[Source records]
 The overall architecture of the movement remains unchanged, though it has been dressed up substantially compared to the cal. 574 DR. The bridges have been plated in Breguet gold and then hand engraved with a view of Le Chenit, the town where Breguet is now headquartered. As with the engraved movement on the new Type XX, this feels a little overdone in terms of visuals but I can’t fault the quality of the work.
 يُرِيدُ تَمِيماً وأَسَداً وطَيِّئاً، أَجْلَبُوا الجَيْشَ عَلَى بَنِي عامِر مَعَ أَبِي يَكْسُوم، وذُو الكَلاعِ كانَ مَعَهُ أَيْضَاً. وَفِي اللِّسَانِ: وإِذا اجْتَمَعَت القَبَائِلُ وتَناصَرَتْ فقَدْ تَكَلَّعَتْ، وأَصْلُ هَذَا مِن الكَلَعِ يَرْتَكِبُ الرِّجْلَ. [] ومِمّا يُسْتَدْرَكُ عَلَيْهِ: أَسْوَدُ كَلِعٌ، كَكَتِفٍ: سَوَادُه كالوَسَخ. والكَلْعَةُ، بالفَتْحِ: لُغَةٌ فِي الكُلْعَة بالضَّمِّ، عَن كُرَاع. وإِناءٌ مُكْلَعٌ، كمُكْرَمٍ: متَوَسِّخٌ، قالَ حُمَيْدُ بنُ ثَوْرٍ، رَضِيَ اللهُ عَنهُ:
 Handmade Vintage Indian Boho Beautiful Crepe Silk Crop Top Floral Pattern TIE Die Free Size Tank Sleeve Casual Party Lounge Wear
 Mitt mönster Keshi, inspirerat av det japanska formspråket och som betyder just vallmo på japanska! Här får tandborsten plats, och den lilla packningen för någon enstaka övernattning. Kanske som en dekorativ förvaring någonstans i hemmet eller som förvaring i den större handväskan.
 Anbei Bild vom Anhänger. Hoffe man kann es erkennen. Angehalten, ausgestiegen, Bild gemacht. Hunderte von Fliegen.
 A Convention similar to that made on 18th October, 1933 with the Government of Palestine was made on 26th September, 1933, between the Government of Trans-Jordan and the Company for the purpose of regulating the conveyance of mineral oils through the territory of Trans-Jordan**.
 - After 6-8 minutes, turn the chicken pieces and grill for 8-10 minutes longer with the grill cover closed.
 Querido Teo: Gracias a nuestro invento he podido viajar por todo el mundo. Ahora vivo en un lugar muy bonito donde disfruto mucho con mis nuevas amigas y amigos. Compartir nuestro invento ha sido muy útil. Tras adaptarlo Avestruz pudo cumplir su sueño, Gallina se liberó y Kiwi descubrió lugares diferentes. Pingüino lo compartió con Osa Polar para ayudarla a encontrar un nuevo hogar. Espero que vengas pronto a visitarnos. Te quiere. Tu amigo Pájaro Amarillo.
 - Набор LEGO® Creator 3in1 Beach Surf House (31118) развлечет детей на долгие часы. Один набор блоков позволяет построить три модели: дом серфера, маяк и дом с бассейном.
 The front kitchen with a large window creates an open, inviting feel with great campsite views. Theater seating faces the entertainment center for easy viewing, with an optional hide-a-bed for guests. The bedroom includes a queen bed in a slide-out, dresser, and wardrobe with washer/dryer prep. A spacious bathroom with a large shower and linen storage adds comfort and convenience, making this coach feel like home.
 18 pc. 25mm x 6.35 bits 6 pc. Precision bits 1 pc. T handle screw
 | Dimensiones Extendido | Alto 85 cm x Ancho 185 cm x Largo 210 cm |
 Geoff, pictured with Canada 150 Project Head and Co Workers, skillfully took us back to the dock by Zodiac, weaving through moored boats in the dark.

#### Required action:
Only those lines running from the one containing "Querido Teo: Gracias" through the last line of the data above are to be copied, exactly, with both ends included.

#### Reply to the exercise:
 Querido Teo: Gracias a nuestro invento he podido viajar por todo el mundo. Ahora vivo en un lugar muy bonito donde disfruto mucho con mis nuevas amigas y amigos. Compartir nuestro invento ha sido muy útil. Tras adaptarlo Avestruz pudo cumplir su sueño, Gallina se liberó y Kiwi descubrió lugares diferentes. Pingüino lo compartió con Osa Polar para ayudarla a encontrar un nuevo hogar. Espero que vengas pronto a visitarnos. Te quiere. Tu amigo Pájaro Amarillo.
 - Набор LEGO® Creator 3in1 Beach Surf House (31118) развлечет детей на долгие часы. Один набор блоков позволяет построить три модели: дом серфера, маяк и дом с бассейном.
 The front kitchen with a large window creates an open, inviting feel with great campsite views. Theater seating faces the entertainment center for easy viewing, with an optional hide-a-bed for guests. The bedroom includes a queen bed in a slide-out, dresser, and wardrobe with washer/dryer prep. A spacious bathroom with a large shower and linen storage adds comfort and convenience, making this coach feel like home.
 18 pc. 25mm x 6.35 bits 6 pc. Precision bits 1 pc. T handle screw
 | Dimensiones Extendido | Alto 85 cm x Ancho 185 cm x Largo 210 cm |
 Geoff, pictured with Canada 150 Project Head and Co Workers, skillfully took us back to the dock by Zodiac, weaving through moored boats in the dark.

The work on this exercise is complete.